Suncorp settles legal stoush with IAG

By Eric Johnston

Suncorp Metway has resisted selling its stake in a specialist truck insurer it operates jointly with Insurance Australia Group, as part of a settlement in a long-running legal battle between the arch rivals.

The two insurers have been locked in a bitter dispute over the ownership of the National Transport Insurance venture, which is the nation's largest provider of truck insurance.

Since 2007 IAG has been attempting to acquire the 50 per cent stake in National Transport Insurance it does not own, but which it had claimed it was entitled to under the terms of the venture.

National Transport Insurance, which writes more than $170 million in premiums annually, was established eight years ago as a venture by the commercial insurance arms of IAG and Promina.

The parties had a change of control option which gave either the right to acquire the whole business in the event that one of the shareholders was acquired.

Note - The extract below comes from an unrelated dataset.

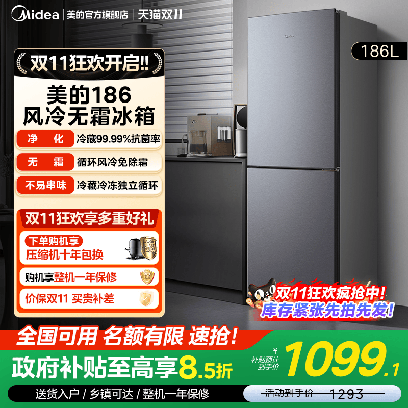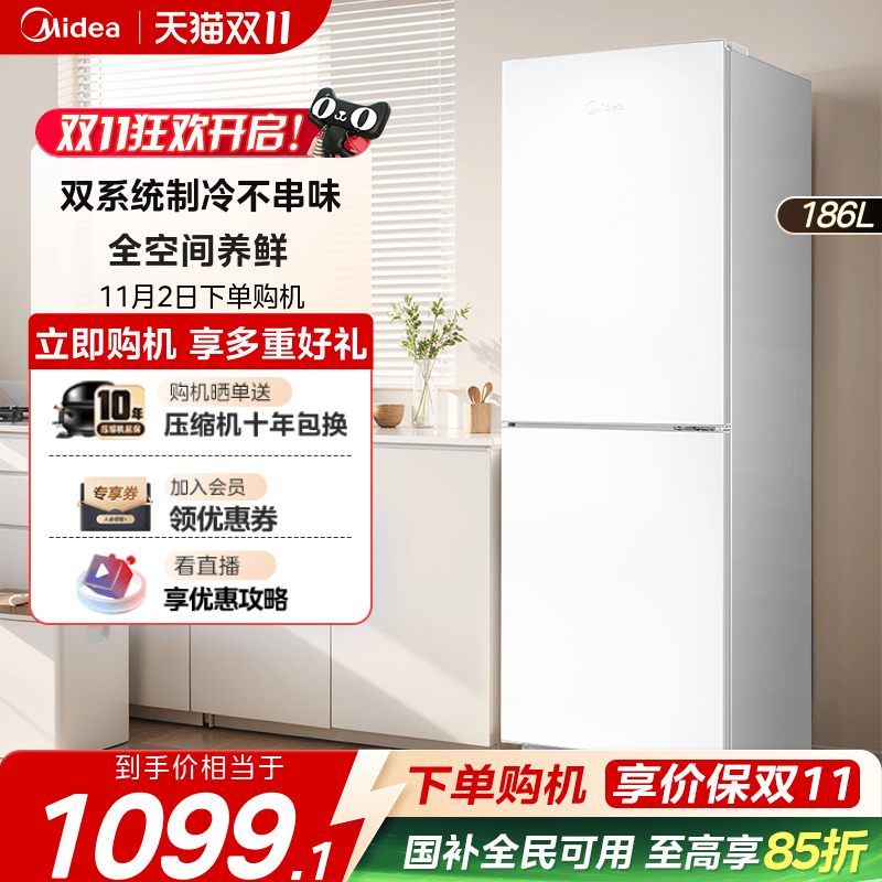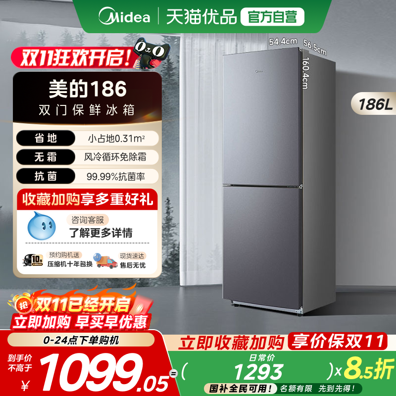 美的186风冷无霜双门两门家用电冰箱小户型节能低噪冷藏冷冻租房

Following Suncorp's $7.9 billion acquisition of Promina, IAG has been attempting to acquire the full business but the two had not been able to agree on pricing.

The long-running dispute between the two insurers had previously been likened to the disagreement to the dispute between Patrick Corp and Toll Holdings over Pacific National, which almost crippled the jointly-owned rail freight business years ago.

But the two insurers today said the venture would continue with no changes to National Transport Insurance’s ownership structure.

‘‘The terms of the agreement, enabling the longstanding partnership ... to continue in a manner that makes commercial sense to both parties,’’ IAG said in a statement.

As a result of the agreement, which remains confidential, IAG said it had stopped its legal proceedings.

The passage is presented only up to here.